In 2020, the Philippine Esports Organization (PESO) was recognized by the Philippine Olympic Committee (POC) as the national sports association for esports in the Philippines. This recognition was disputed by the NESFP, which was involved in the PSEU. The other involved organization, ESNAP, already merged with PESO.

Sibol took part again in the 2021 Southeast Asian Games in Vietnam, where esports returned as a medal event. It intends to compete in all titles at the regional games. A national selection tournaments were held for each title, wherein the winning team from each selection would form the core of the Sibol lineup for their respective event. The qualifiers ended on February 28, 2022, and a total of 55 esports athletes represented the country. The campaign ended with two gold and two silver medals; which was considered as a success by PESO.

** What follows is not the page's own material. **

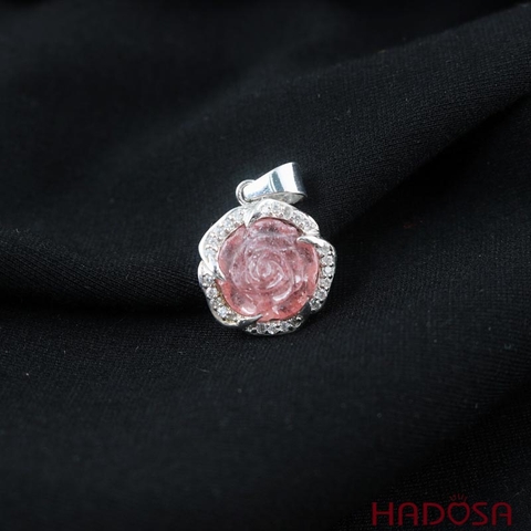 Mặt dây chuyền Hoa mẫu đơn thạch anh dâu đỏ

The team will participate in the 2023 Southeast Asian Games in Cambodia.

Team image
The Philippine esports team is also known as Team Sibol (stylized as SIBOL). The name "sibol" comes from the Filipino word for growth. The team logo is in red, yellow, and blue. The shape of the logo forms the abbreviation for the country, "PHI," in a form that could represent a leaf or a flame.

Titles
The Philippine esports team has fielded teams and/or players for the following titles.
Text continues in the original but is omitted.